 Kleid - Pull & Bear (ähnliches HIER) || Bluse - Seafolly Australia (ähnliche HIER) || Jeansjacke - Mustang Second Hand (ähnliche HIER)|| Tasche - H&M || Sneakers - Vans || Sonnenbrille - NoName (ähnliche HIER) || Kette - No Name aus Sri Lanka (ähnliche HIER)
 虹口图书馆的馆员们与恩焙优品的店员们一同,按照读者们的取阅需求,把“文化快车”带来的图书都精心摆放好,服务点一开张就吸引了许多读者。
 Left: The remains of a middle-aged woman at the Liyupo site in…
====
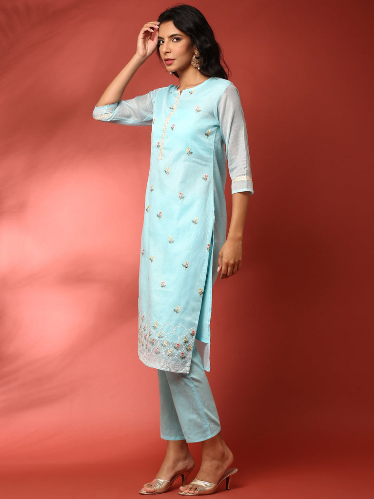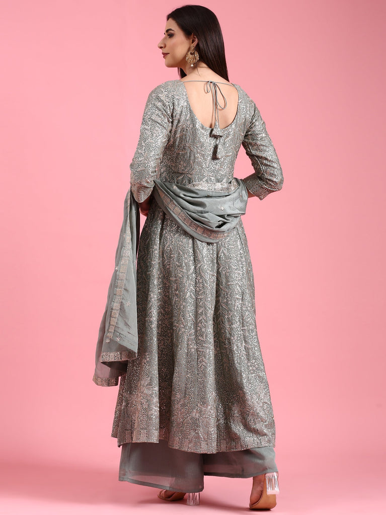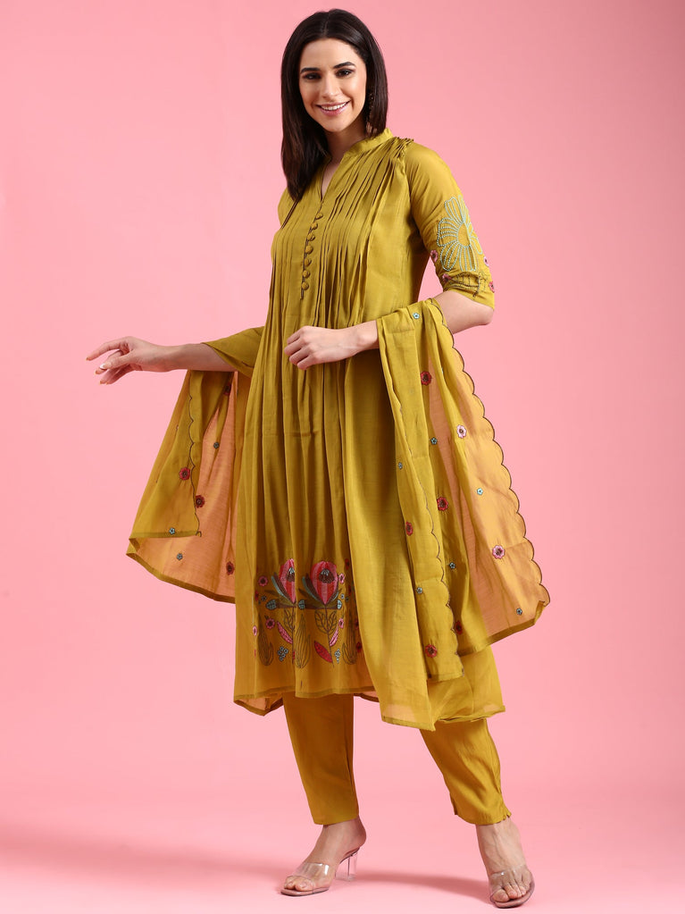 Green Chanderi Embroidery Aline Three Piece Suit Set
====
TASK STATEMENT: Among the lines above, find the one with "虹口图书馆的馆员们与恩焙优品" and the one with "Left: The remains". Quote both and everything between them, exactly.

OUTPUT OF THE TASK:
 虹口图书馆的馆员们与恩焙优品的店员们一同,按照读者们的取阅需求,把“文化快车”带来的图书都精心摆放好,服务点一开张就吸引了许多读者。
 Left: The remains of a middle-aged woman at the Liyupo site in…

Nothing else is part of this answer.